Dagger category

Last updated December 02, 2024

In category theory, a branch of mathematics, a dagger category (also called involutive category or category with involution^[1]^[2]) is a category equipped with a certain structure called dagger or involution. The name dagger category was coined by Peter Selinger.^[3]

Formal definition

A dagger category is a category ${\mathcal {C}}$ equipped with an involutive contravariant endofunctor $\dagger$ which is the identity on objects.^[4]

In detail, this means that:

for all morphisms $f:A\to B$ , there exists its adjoint $f^{\dagger }:B\to A$
for all morphisms $f$ , $(f^{\dagger })^{\dagger }=f$
for all objects $A$ , $\mathrm {id} _{A}^{\dagger }=\mathrm {id} _{A}$
for all $f:A\to B$ and $g:B\to C$ , $(g\circ f)^{\dagger }=f^{\dagger }\circ g^{\dagger }:C\to A$

Note that in the previous definition, the term "adjoint" is used in a way analogous to (and inspired by) the linear-algebraic sense, not in the category-theoretic sense.
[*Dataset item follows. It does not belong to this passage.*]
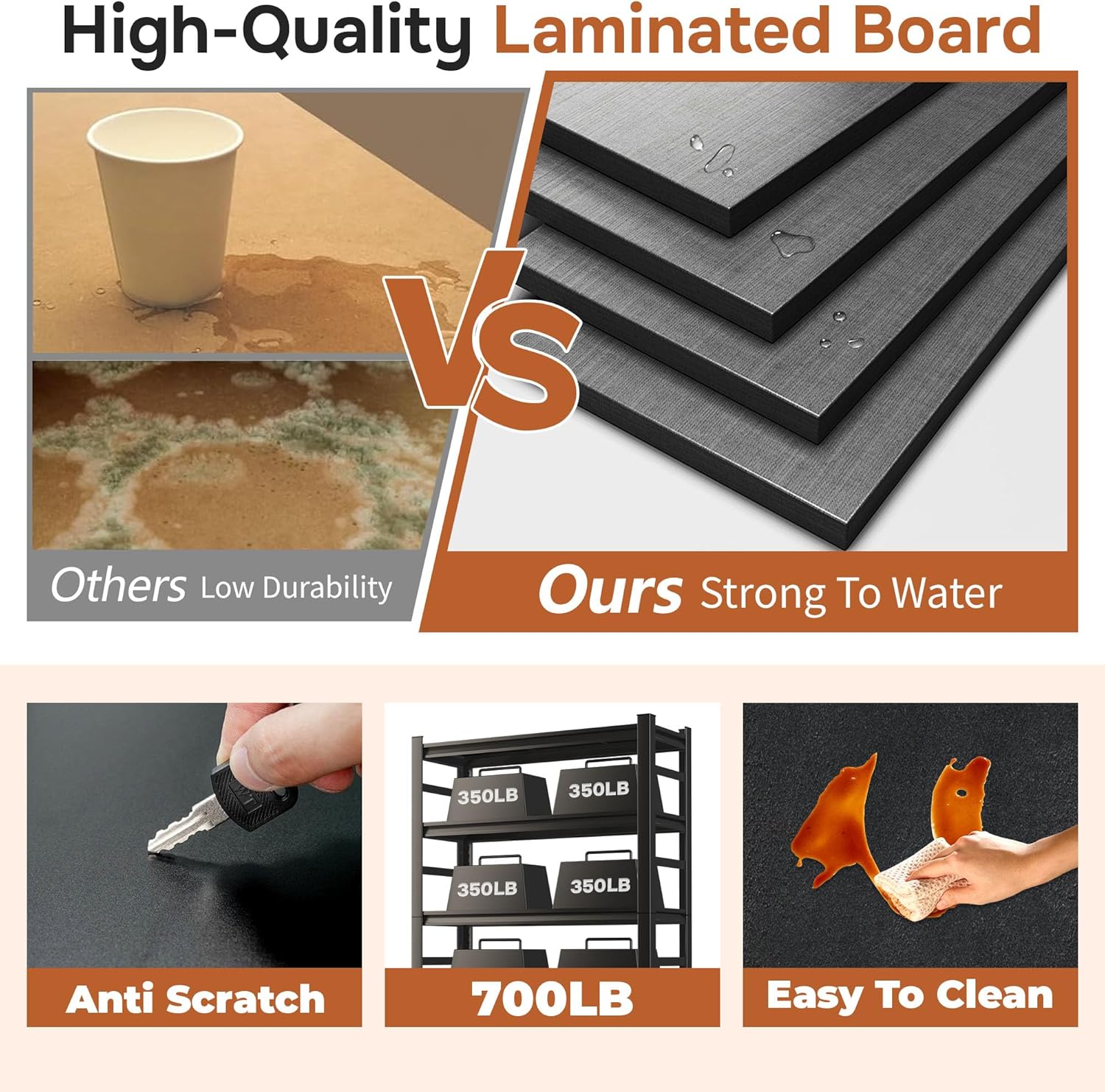 - πͺ COMMERCIAL-GRADE STRENGTH, 3500 LBS BEAST MODE β Don't settle for flimsy shelves. Our garage shelving is forged from high-quality, thickened cold-rolled steel and features an exclusive double-layered column design for unmatched stability. It effortlessly supports a massive 3500 LBS total capacity (700 LBS per shelf). From heavy power tools and packed totes to engine parts, store your heaviest items with absolute peace of mind. Conquer your clutter with confidence!

Some sources^[5] define a category with involution to be a dagger category with the additional property that its set of morphisms is partially ordered and that the order of morphisms is compatible with the composition of morphisms, that is $a<b$ implies $a\circ c<b\circ c$ for morphisms $a$ , $b$ , $c$ whenever their sources and targets are compatible.

Examples

The category Rel of sets and relations possesses a dagger structure: for a given relation $R:X\rightarrow Y$ in Rel, the relation $R^{\dagger }:Y\rightarrow X$ is the relational converse of $R$ . In this example, a self-adjoint morphism is a symmetric relation.
The category Cob of cobordisms is a dagger compact category, in particular it possesses a dagger structure.
The category Hilb of Hilbert spaces also possesses a dagger structure: Given a bounded linear map $f:A\rightarrow B$ , the map $f^{\dagger }:B\rightarrow A$ is just its adjoint in the usual sense.
Any monoid with involution is a dagger category with only one object. In fact, every endomorphism hom-set in a dagger category is not simply a monoid, but a monoid with involution, because of the dagger.
A discrete category is trivially a dagger category.
A groupoid (and as trivial corollary, a group) also has a dagger structure with the adjoint of a morphism being its inverse. In this case, all morphisms are unitary (definition below).

Remarkable morphisms

In a dagger category ${\mathcal {C}}$ , a morphism $f$ is called

unitary if $f^{\dagger }=f^{-1},$
self-adjoint if $f^{\dagger }=f.$

The latter is only possible for an endomorphism $f\colon A\to A$ . The terms unitary and self-adjoint in the previous definition are taken from the category of Hilbert spaces, where the morphisms satisfying those properties are then unitary and self-adjoint in the usual sense.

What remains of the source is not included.